▸ PROMPT
Repeat the data as given. Images do not go in the copy.

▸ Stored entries
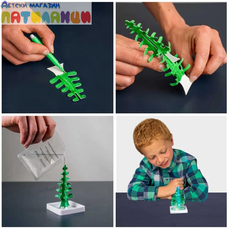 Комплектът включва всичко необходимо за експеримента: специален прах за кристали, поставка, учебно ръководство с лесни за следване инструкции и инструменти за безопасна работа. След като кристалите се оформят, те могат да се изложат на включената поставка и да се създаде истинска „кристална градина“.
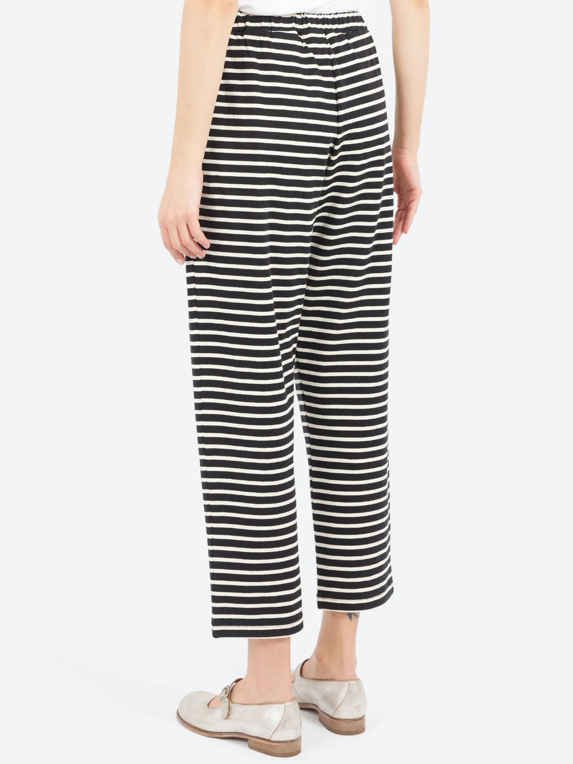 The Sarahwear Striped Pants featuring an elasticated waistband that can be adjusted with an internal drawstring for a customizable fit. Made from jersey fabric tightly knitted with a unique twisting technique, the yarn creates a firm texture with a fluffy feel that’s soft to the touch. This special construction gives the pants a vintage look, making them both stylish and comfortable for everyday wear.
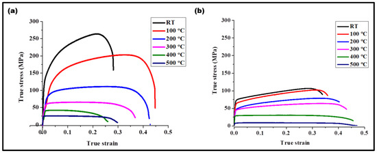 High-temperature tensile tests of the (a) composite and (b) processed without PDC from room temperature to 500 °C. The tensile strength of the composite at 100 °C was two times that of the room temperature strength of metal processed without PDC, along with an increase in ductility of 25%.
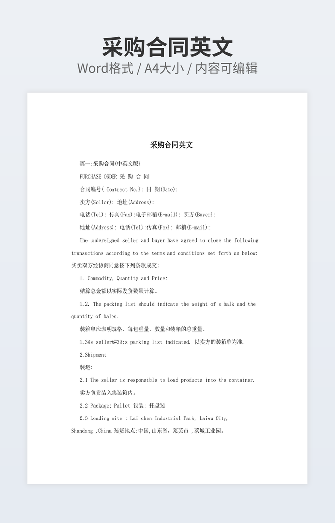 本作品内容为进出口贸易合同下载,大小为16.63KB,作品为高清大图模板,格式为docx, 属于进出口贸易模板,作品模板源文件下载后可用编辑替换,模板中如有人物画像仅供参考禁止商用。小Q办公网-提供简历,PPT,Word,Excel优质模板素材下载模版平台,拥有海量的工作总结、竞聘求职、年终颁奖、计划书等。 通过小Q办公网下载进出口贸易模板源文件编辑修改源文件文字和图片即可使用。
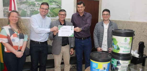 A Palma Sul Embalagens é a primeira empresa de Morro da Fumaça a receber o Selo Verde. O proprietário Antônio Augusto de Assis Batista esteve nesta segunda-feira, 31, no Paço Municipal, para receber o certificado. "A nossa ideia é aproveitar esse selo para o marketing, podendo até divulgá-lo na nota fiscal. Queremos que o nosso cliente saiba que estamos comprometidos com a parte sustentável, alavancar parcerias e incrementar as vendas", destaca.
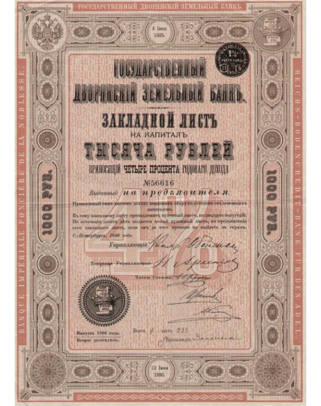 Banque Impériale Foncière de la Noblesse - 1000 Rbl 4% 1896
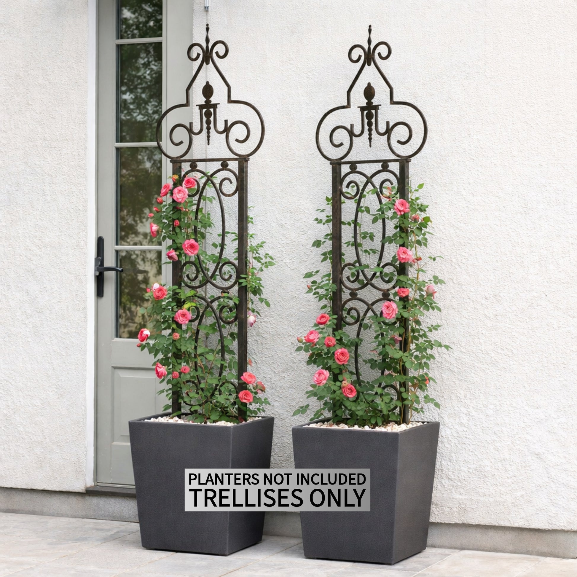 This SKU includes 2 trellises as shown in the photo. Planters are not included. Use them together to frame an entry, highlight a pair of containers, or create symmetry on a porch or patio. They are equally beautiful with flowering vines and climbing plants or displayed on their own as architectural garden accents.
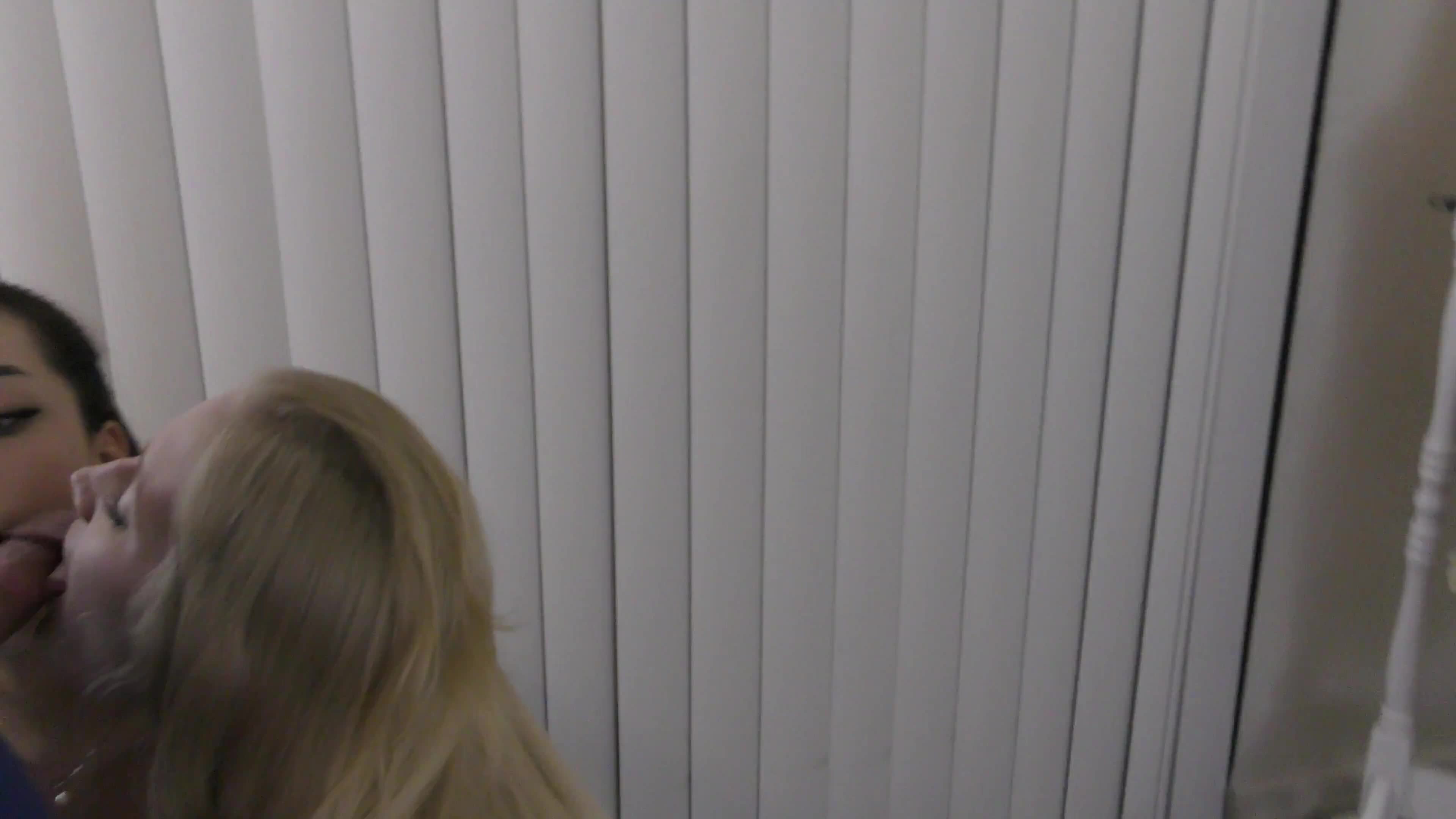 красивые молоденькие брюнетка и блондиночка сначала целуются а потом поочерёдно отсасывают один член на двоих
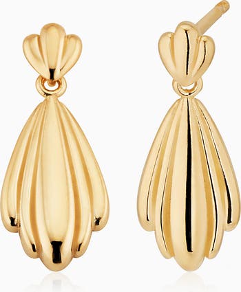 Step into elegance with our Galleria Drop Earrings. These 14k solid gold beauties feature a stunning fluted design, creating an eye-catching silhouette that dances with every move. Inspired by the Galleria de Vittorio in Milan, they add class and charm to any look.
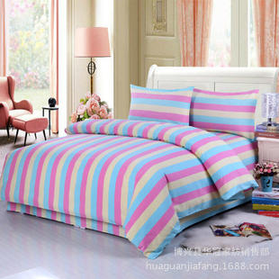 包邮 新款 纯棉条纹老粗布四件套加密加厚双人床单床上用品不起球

▸ SOLUTION FOR THIS TASK
 Комплектът включва всичко необходимо за експеримента: специален прах за кристали, поставка, учебно ръководство с лесни за следване инструкции и инструменти за безопасна работа. След като кристалите се оформят, те могат да се изложат на включената поставка и да се създаде истинска „кристална градина“.
 The Sarahwear Striped Pants featuring an elasticated waistband that can be adjusted with an internal drawstring for a customizable fit. Made from jersey fabric tightly knitted with a unique twisting technique, the yarn creates a firm texture with a fluffy feel that’s soft to the touch. This special construction gives the pants a vintage look, making them both stylish and comfortable for everyday wear.
 High-temperature tensile tests of the (a) composite and (b) processed without PDC from room temperature to 500 °C. The tensile strength of the composite at 100 °C was two times that of the room temperature strength of metal processed without PDC, along with an increase in ductility of 25%.
 本作品内容为进出口贸易合同下载,大小为16.63KB,作品为高清大图模板,格式为docx, 属于进出口贸易模板,作品模板源文件下载后可用编辑替换,模板中如有人物画像仅供参考禁止商用。小Q办公网-提供简历,PPT,Word,Excel优质模板素材下载模版平台,拥有海量的工作总结、竞聘求职、年终颁奖、计划书等。 通过小Q办公网下载进出口贸易模板源文件编辑修改源文件文字和图片即可使用。
 A Palma Sul Embalagens é a primeira empresa de Morro da Fumaça a receber o Selo Verde. O proprietário Antônio Augusto de Assis Batista esteve nesta segunda-feira, 31, no Paço Municipal, para receber o certificado. "A nossa ideia é aproveitar esse selo para o marketing, podendo até divulgá-lo na nota fiscal. Queremos que o nosso cliente saiba que estamos comprometidos com a parte sustentável, alavancar parcerias e incrementar as vendas", destaca.
 Banque Impériale Foncière de la Noblesse - 1000 Rbl 4% 1896
 This SKU includes 2 trellises as shown in the photo. Planters are not included. Use them together to frame an entry, highlight a pair of containers, or create symmetry on a porch or patio. They are equally beautiful with flowering vines and climbing plants or displayed on their own as architectural garden accents.
 красивые молоденькие брюнетка и блондиночка сначала целуются а потом поочерёдно отсасывают один член на двоих
 Step into elegance with our Galleria Drop Earrings. These 14k solid gold beauties feature a stunning fluted design, creating an eye-catching silhouette that dances with every move. Inspired by the Galleria de Vittorio in Milan, they add class and charm to any look.
 包邮 新款 纯棉条纹老粗布四件套加密加厚双人床单床上用品不起球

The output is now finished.